$$ A := \begin{pmatrix} 5 & 0 & 0 & 0 \\ 0 & 2 & 2 & 1 \\ 0 & 0 & -4 & 0 \\ 0 & 2a & 0 & -2 \end{pmatrix} $$ Find $\mathcal{L}=(A,0), a \in \mathbb{R}$
I thought all I had to do is to pring it in step form.
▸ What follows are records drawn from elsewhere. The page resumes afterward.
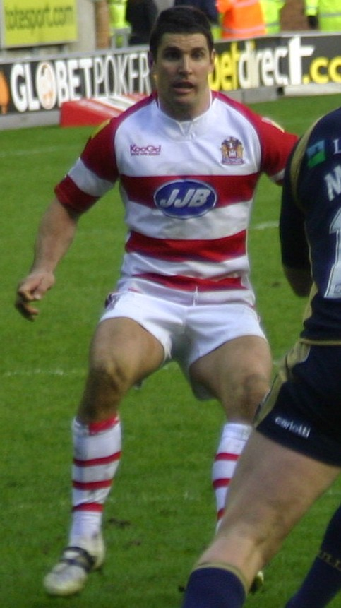 Trent Barrett
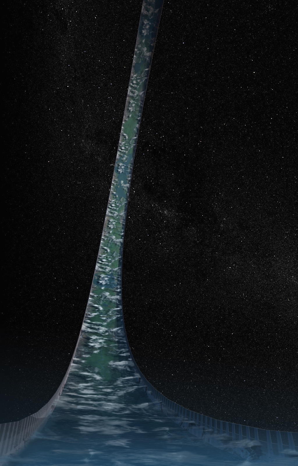 A 3D model of a Culture's orbital
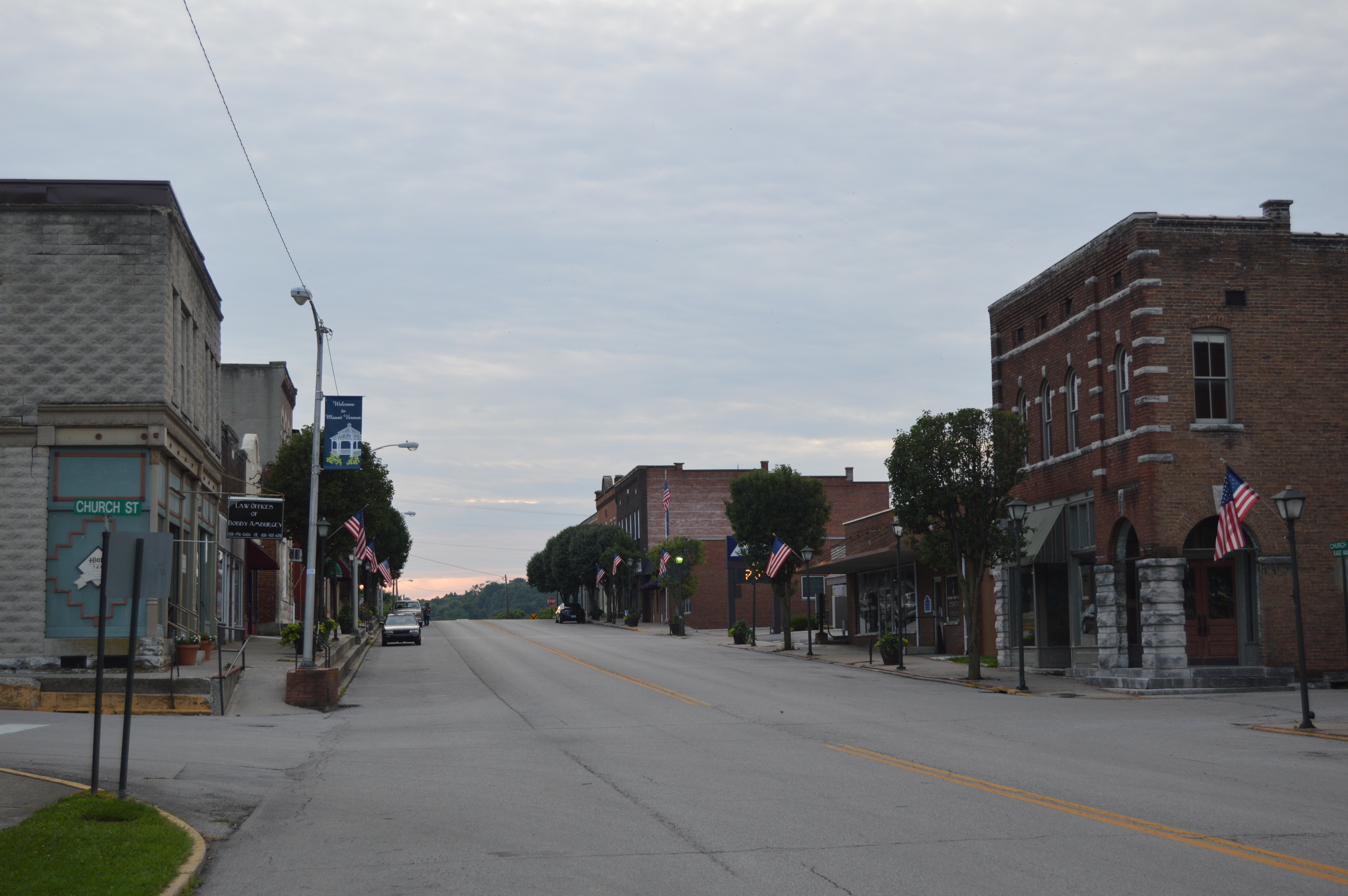 Looking west on Main Street from the Church Street intersection in Mount Vernon, Kentucky, United States. This block is part of the Mount Vernon Commercial District, a historic district that is listed on the National Register of Historic Places.

So I did this:
$$ \begin{pmatrix} 1 & 0 & 0 & 0 \\ 0 & 1 & 1 & \frac{1}{2} \\ 0 & 0 & 1 & 0 \\ 0 & a & 0 & -1 \end{pmatrix} \\ I:5 \\ II:2 \\ III:-4\\ IV:2 $$
$$ \begin{pmatrix} 1 & 0 & 0 & 0 \\ 0 & 1 & 1 & \frac{1}{2} \\ 0 & 0 & 1 & 0 \\ 0 & 0 & -a & -1-\frac{a}{2} \end{pmatrix}\\ IV-aII $$
$$ \begin{pmatrix} 1 & 0 & 0 & 0 \\ 0 & 1 & 1 & \frac{1}{2} \\ 0 & 0 & 1 & 0 \\ 0 & 0 & 0 & -1-\frac{a}{2} \end{pmatrix}\\ IV+aIII $$
$$ x_4 \cdot (-1-\frac{a}{2}) = 0\\ x_4 = 0 \\ x_3 = 0 \\ x_2 + 1 * 0 + \frac{1}{2} * 0 = 0 \\ x_2 = 0 \\ x_1 = 0 $$
$\Rightarrow \mathcal{L}=\{\begin{pmatrix} 0\\0\\0\\0 \end{pmatrix}\}$
I don't believe this is true. But I thought I have only done legal changes. Can someone explain what I did wrong? I surely did something that wasn't allowed.